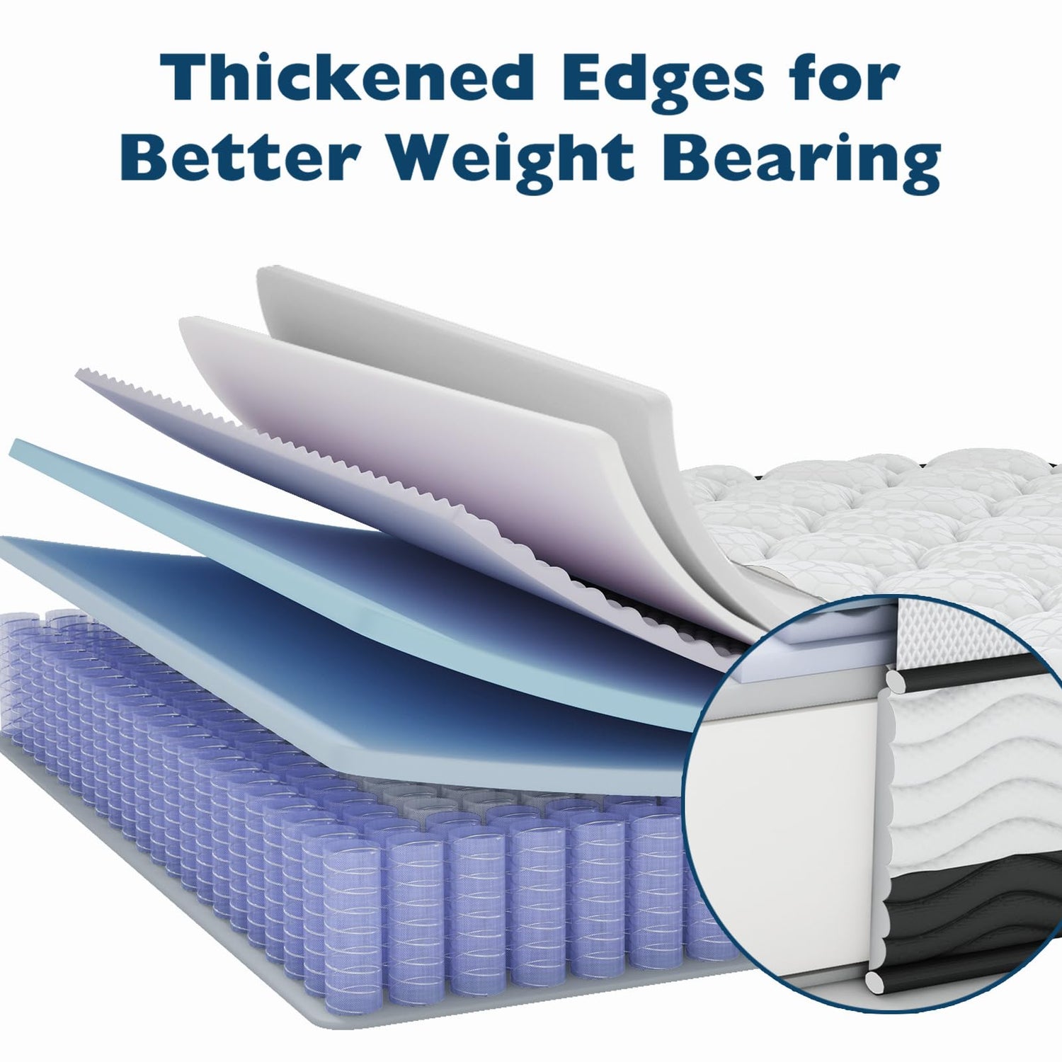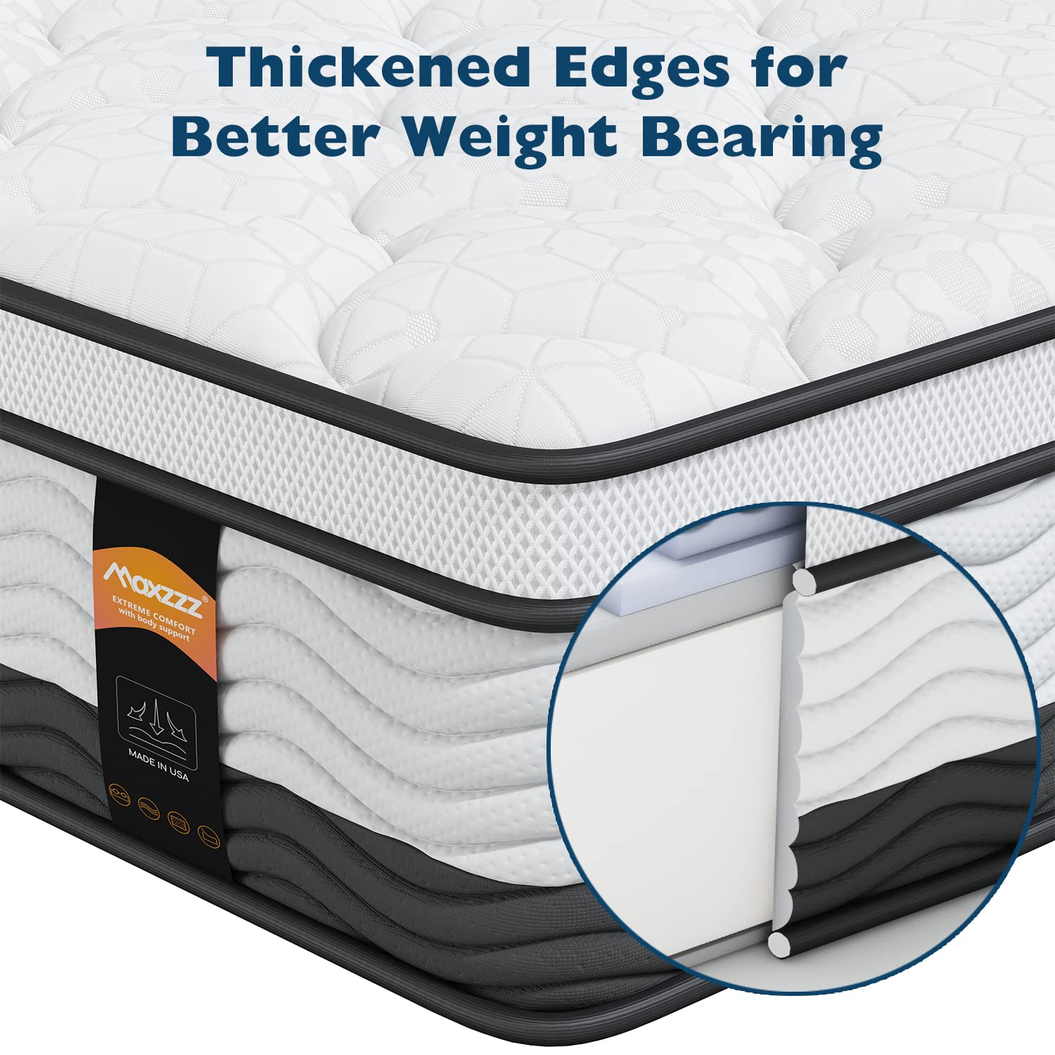 - Enhanced Edge Support: This medium-firm king bed mattress uses thickened padding cotton to enhance edge support and firmness, ensuring your stability when sitting or lying on the edge area, and also helping to extend the life of the mattress, making it friendly to heavy people.
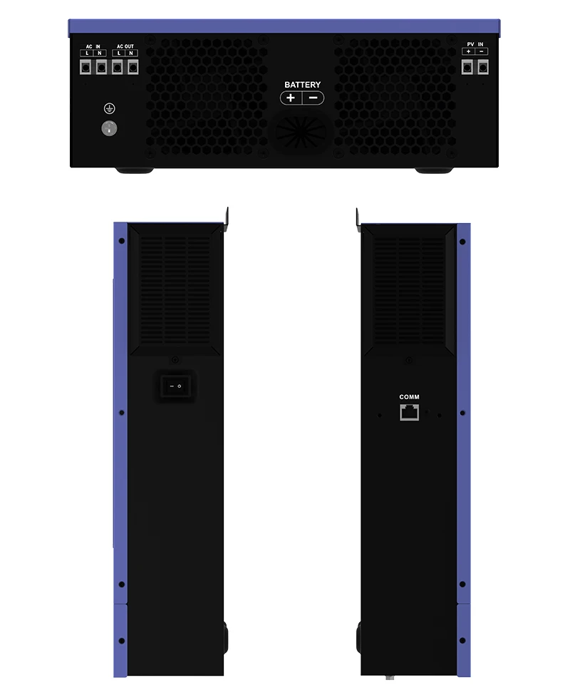 This is a multi-function inverter/charger, combining functions of inverter, solar charger and battery charger to offer uninterruptible power support with portable size. Its comprehensive LCD display offers user-confiqurable and easy-accessible button operation such as battery charging current, AC/solar charger priority, and acceptable input voltage based on different applications.
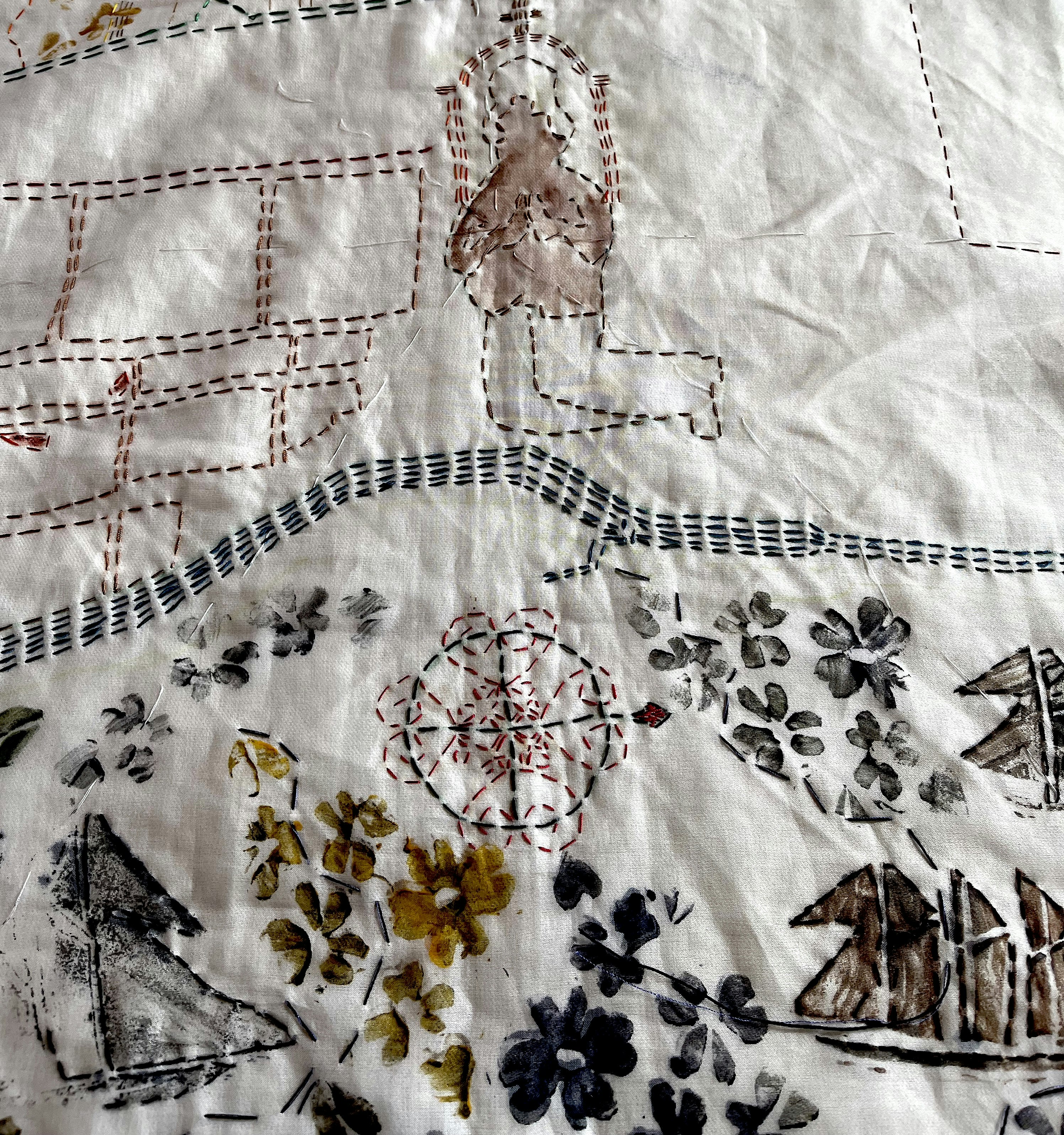 - Learn and experiment with different stitching techniques on cloth and weavings.

★ ★ ★ ★ ★ ★ ★

▸ **What you are asked to do**
Reproduce exactly, and only, the lines from the one with "This is a multi-function" to the final line of the listing above; the pictures are to be left out.

▸ **Solution for this exercise**
 This is a multi-function inverter/charger, combining functions of inverter, solar charger and battery charger to offer uninterruptible power support with portable size. Its comprehensive LCD display offers user-confiqurable and easy-accessible button operation such as battery charging current, AC/solar charger priority, and acceptable input voltage based on different applications.
 - Learn and experiment with different stitching techniques on cloth and weavings.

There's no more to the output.